SUPPLIED DATA Block Start

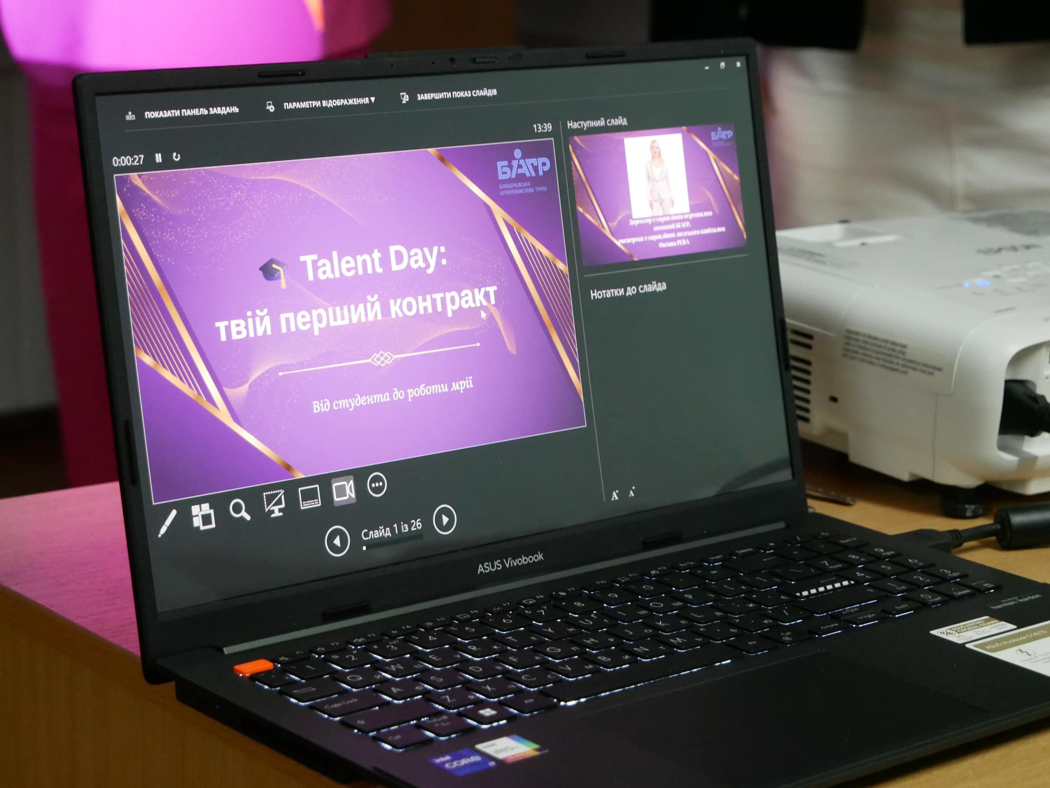 Завершальним заходом серії став тренінг «Talent Day: твій перший контракт» від Оксани Реви (ПП «Білоцерківська агропромислова група»). Вона поділилася стратегіями формування успішної кар’єри, наголосивши на важливості свідомого цілепокладання. Лейтмотивом зустрічі стала теза про те, що робота мрії створюється щоденними професійними рішеннями та системним розвитком.
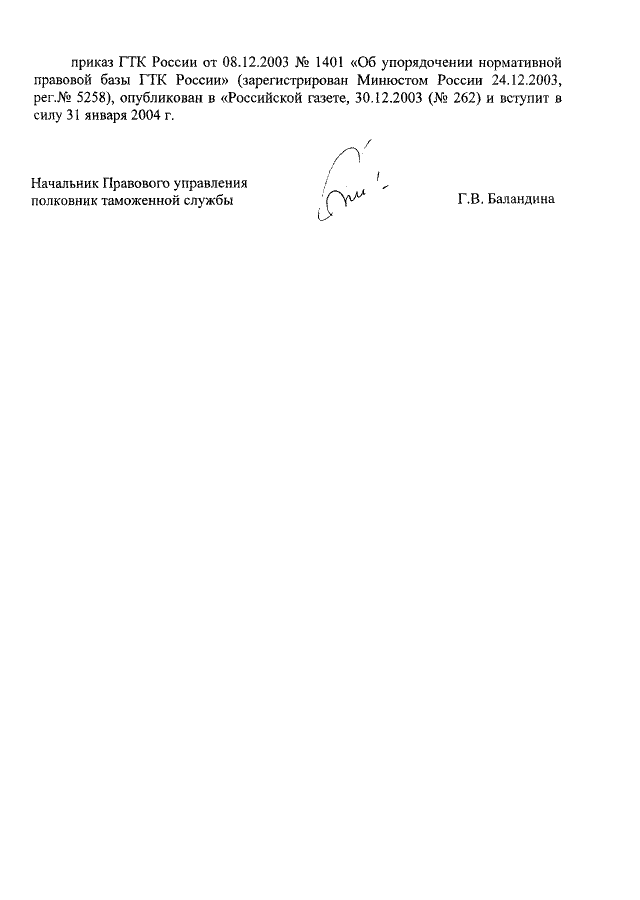 "О ВСТУПЛЕНИИ В СИЛУ НОРМАТИВНЫХ ПРАВОВЫХ АКТОВ ГТК РОССИИ"
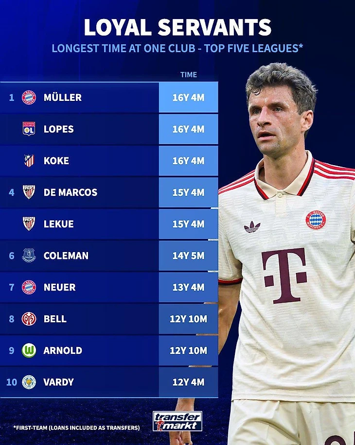 Первое место поделили Томас Мюллер, Антони Лопеш и Коке – эти парни провели в своих клубах по 16 лет и 4 месяца – всю свою профессиональную карьеру. Они продолжают выступать за «Баварию», «Лион» и «Атлетико», соответственно.

SUPPLIED DATA Block End

◆ **ACTION ITEM**
Could you transcribe all of the data exactly and omit the pictures?

◆ **SOLUTION FOR THIS TASK**
 Завершальним заходом серії став тренінг «Talent Day: твій перший контракт» від Оксани Реви (ПП «Білоцерківська агропромислова група»). Вона поділилася стратегіями формування успішної кар’єри, наголосивши на важливості свідомого цілепокладання. Лейтмотивом зустрічі стала теза про те, що робота мрії створюється щоденними професійними рішеннями та системним розвитком.
 "О ВСТУПЛЕНИИ В СИЛУ НОРМАТИВНЫХ ПРАВОВЫХ АКТОВ ГТК РОССИИ"
 Первое место поделили Томас Мюллер, Антони Лопеш и Коке – эти парни провели в своих клубах по 16 лет и 4 месяца – всю свою профессиональную карьеру. Они продолжают выступать за «Баварию», «Лион» и «Атлетико», соответственно.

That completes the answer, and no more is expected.